All in all, this Sony sports a mediocre performance, which is a shame, as the areas it performs well in are truly commendable. It might come down to whether you're a glass-is-half-empty, glass-is-half-full kind of person, but in truth, there are better performers out there for the same or less money.

The Verdict

Weigh your options before you drop the anchor on this one

The Sony Bravia KDL-32R400A (MSRP $330) was one of those really disappointing TVs to review, because it came so close to being excellent. The contrast ratio and color quality I tested were well beyond the expected level of performance when dealing with entry-level, but egregious motion and viewing problems really count this TV out.
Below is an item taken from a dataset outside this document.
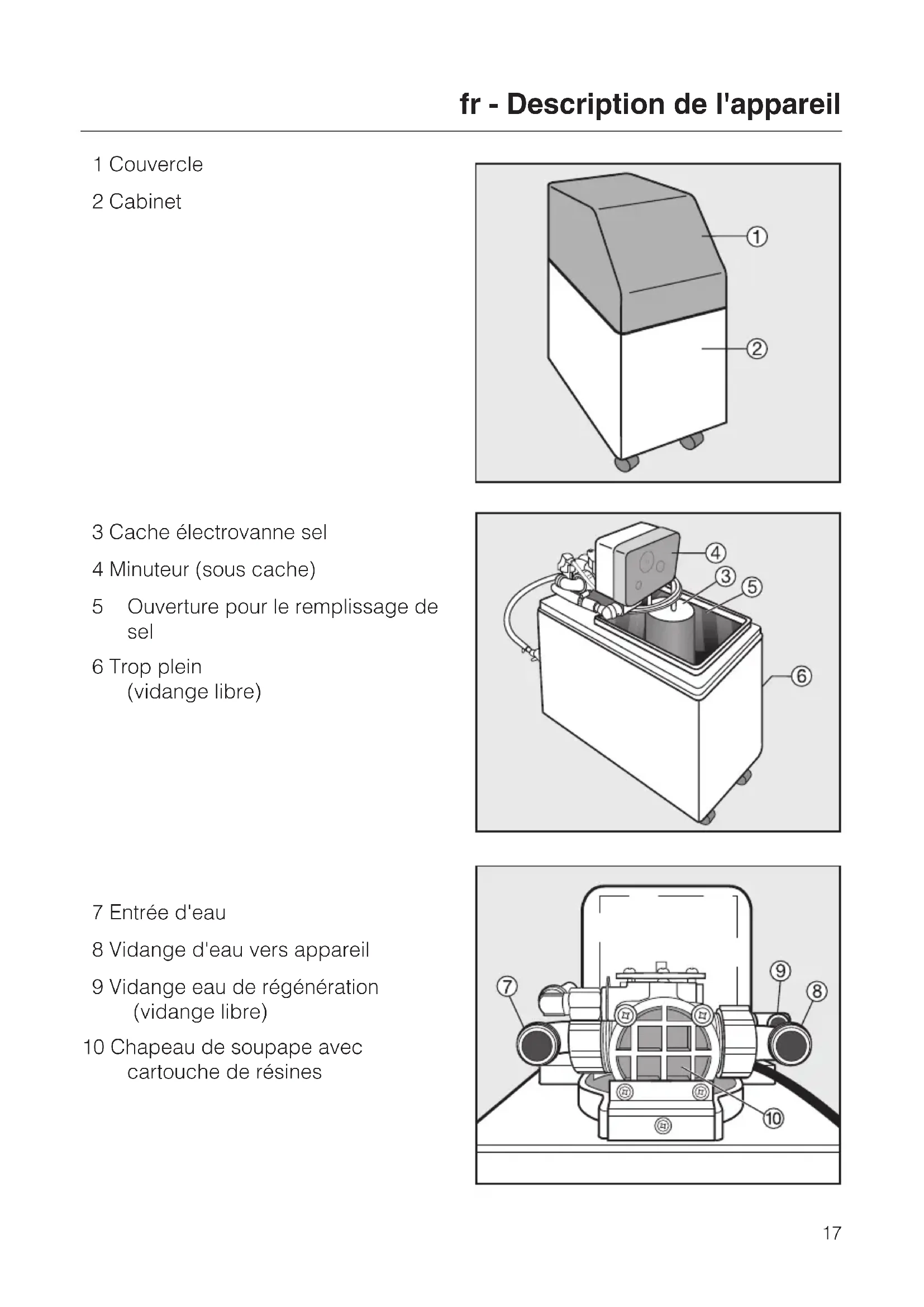 sible la condensation. L'adoucisseur est maintenant prêt à fonctionner et fournit de l'eau adoucie. Contactez le SAV Miele en cas de problèmes. fr - Indications concernant l'utilisation 22Dimensions : H 572 / L 230 / P 400 mm Raccordement à l'eau dure et douce : R 3/4" Cartouche de résines : Pièce6x13" Contenu : 4 l +/- 10 % Sybron Chemicals - Dow Chemical Comp. Rendement : 15 l/min (temporairement à 20 l/min) Pression min. : sans/avec adoucisseur dans les appareils à eau renouvelée : 200 kPa (2,0 bar) / 600 kPa (6,0 bar) sans/avec adoucisseur dans les appareils avec réservoir d'eau : 200 kPa (2,0 bar) / 600 kPa (6,0 bar) Pression statique max. : 600 kPa (6,0 bar) Différence de pression : max. 100 kPa (1 bar) avec 10 l/min Température : 4 °C - 65 °C Consommation de sel : 0,5 kg NaCl/Regen. +/- 10 % Consommation d'eau : 55 l/Regen. +/- 10 % Durée de régénération : 30 minutes +/- 10 % Capacité / diff. : +/- 10 % Réserve de sel : 10 kg Forme de tablette : ronde, env.Ø=25mm,h=14mm Tension : voir la plaque signalétique du connecteur Puissance de raccordement : voir la plaque signalétique du connecteur Fusibles : voir la plaque signalétique du connecteur fr - Données techniques 231 coperchio 2 involucro 3 copertura valvola sale 4 orologio programmatore (sotto il coperchio) 5 apertura per l'introduzione del sale 6 trabocco (scarico libero) 7 ingresso acqua 8 uscita acqua verso la macchina 9 scarico acqua di rigenerazione (scarico libero) 10 testa della valvola con capsula depuratore it - Descrizione 24Funzionamento Il depuratore monoblocco PG 8090 vie

While it's not a theater shoe-in, a Kuro killer, or even a smart graduation present, the R400A is not without an audience. If you need an affordable TV for casual console gaming, for example, or to watch a film now and then, it's really not a bad choice. Sure, the motion isn't perfect, but it's bearable considering the 720p resolution and small screen size. In short: Shop at your own risk, but remember that this TV makes no safe port for the picture purist.